* [PROBLEM DETAILS] Set the pictures aside and set down only the lines from the line holding "ಕೋಲ್ಕತ್ತಾ(ಅ.28): ಪ್ರಬಲ ಸ್ಪೇನ್" through the end of the entries below, ends included.

[Data entries]
◇ ◇ ◇ ◇ ◇ ◇ ◇
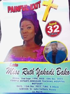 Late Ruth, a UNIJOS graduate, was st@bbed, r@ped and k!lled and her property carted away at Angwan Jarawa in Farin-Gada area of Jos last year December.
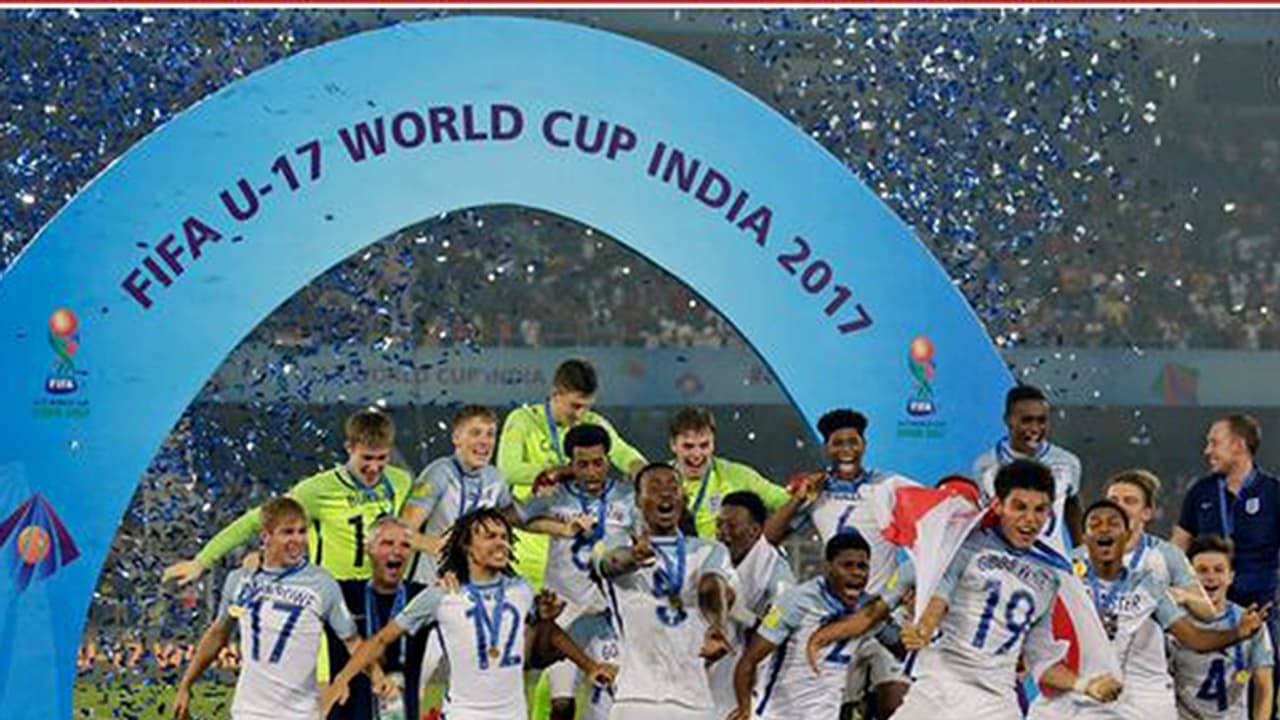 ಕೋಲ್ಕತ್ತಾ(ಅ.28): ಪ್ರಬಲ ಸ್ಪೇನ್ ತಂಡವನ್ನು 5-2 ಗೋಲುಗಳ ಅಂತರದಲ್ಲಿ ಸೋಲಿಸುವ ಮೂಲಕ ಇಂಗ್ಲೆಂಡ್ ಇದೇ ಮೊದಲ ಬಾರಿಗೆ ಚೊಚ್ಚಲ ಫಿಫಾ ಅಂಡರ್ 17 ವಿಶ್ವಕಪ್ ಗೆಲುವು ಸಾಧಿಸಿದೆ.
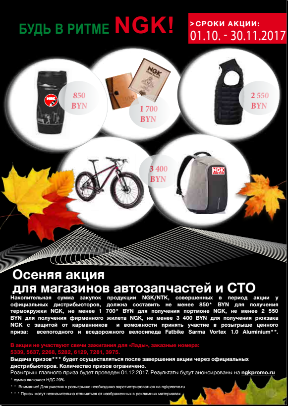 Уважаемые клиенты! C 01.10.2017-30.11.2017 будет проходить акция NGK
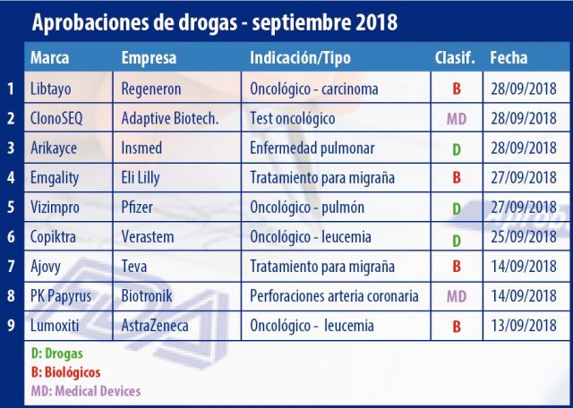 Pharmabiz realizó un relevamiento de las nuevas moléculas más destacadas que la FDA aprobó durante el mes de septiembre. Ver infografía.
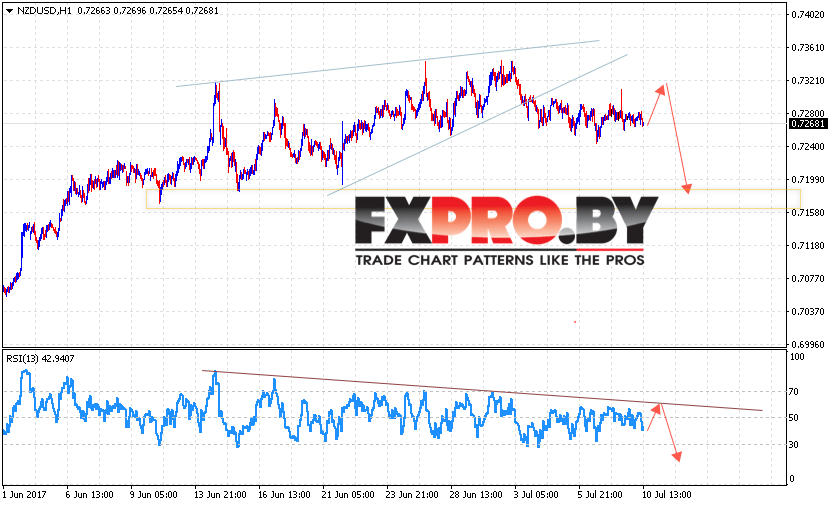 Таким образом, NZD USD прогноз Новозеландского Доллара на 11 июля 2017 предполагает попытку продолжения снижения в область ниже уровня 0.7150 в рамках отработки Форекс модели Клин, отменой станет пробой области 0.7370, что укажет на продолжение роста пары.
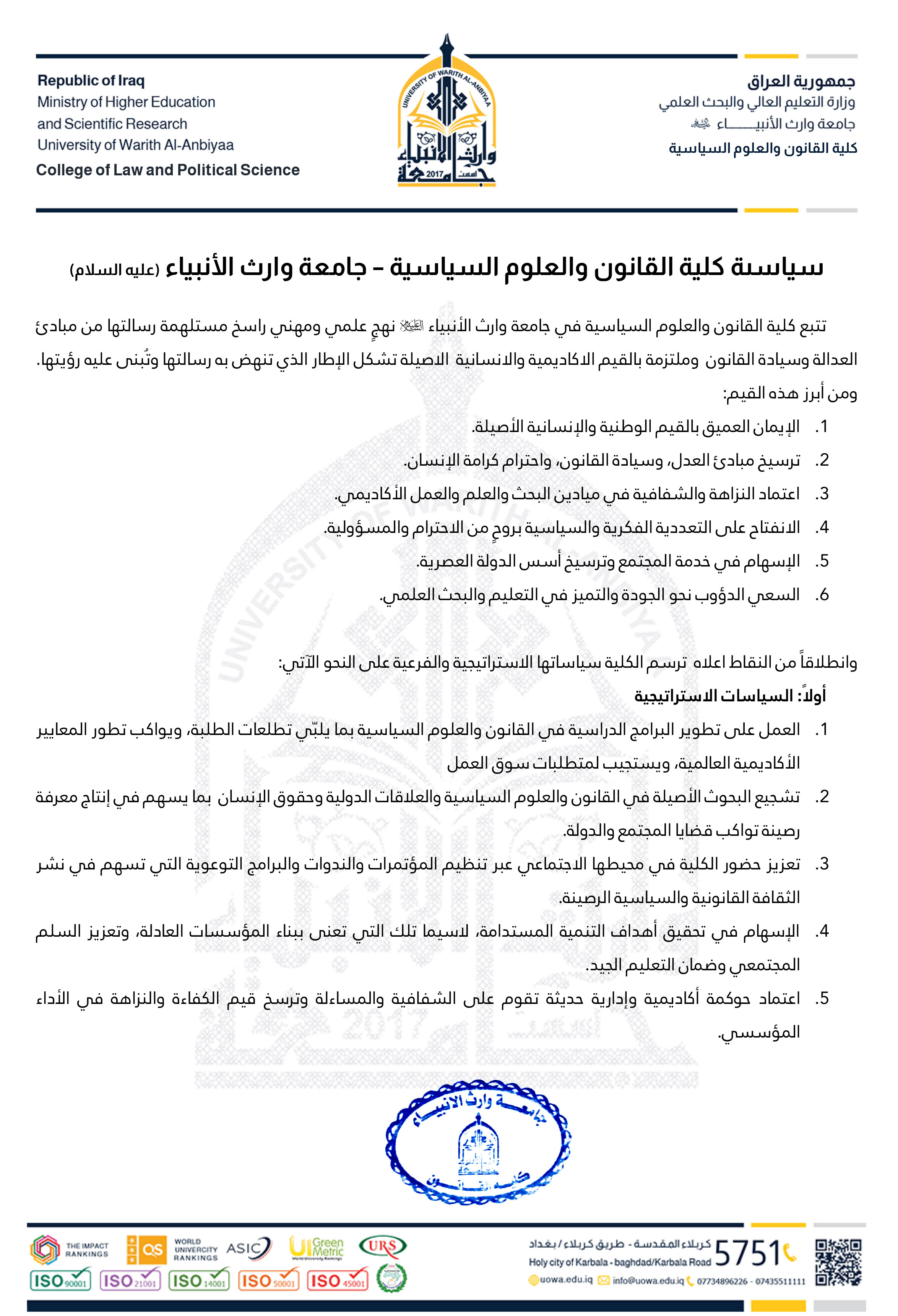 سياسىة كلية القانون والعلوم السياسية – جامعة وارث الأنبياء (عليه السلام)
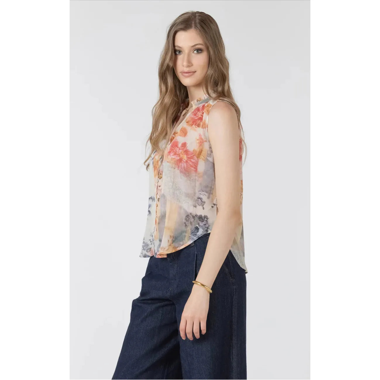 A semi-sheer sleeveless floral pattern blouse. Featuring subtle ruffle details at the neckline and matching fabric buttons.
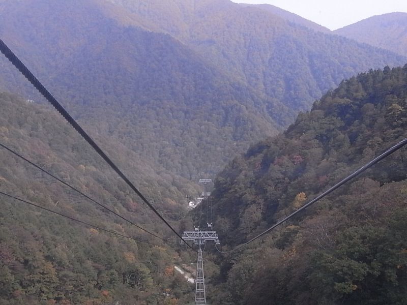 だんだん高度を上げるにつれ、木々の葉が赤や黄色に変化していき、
◇ ◇ ◇ ◇ ◇ ◇ ◇
* [WRITTEN REPLY]
 ಕೋಲ್ಕತ್ತಾ(ಅ.28): ಪ್ರಬಲ ಸ್ಪೇನ್ ತಂಡವನ್ನು 5-2 ಗೋಲುಗಳ ಅಂತರದಲ್ಲಿ ಸೋಲಿಸುವ ಮೂಲಕ ಇಂಗ್ಲೆಂಡ್ ಇದೇ ಮೊದಲ ಬಾರಿಗೆ ಚೊಚ್ಚಲ ಫಿಫಾ ಅಂಡರ್ 17 ವಿಶ್ವಕಪ್ ಗೆಲುವು ಸಾಧಿಸಿದೆ.
 Уважаемые клиенты! C 01.10.2017-30.11.2017 будет проходить акция NGK
 Pharmabiz realizó un relevamiento de las nuevas moléculas más destacadas que la FDA aprobó durante el mes de septiembre. Ver infografía.
 Таким образом, NZD USD прогноз Новозеландского Доллара на 11 июля 2017 предполагает попытку продолжения снижения в область ниже уровня 0.7150 в рамках отработки Форекс модели Клин, отменой станет пробой области 0.7370, что укажет на продолжение роста пары.
 سياسىة كلية القانون والعلوم السياسية – جامعة وارث الأنبياء (عليه السلام)
 A semi-sheer sleeveless floral pattern blouse. Featuring subtle ruffle details at the neckline and matching fabric buttons.
 だんだん高度を上げるにつれ、木々の葉が赤や黄色に変化していき、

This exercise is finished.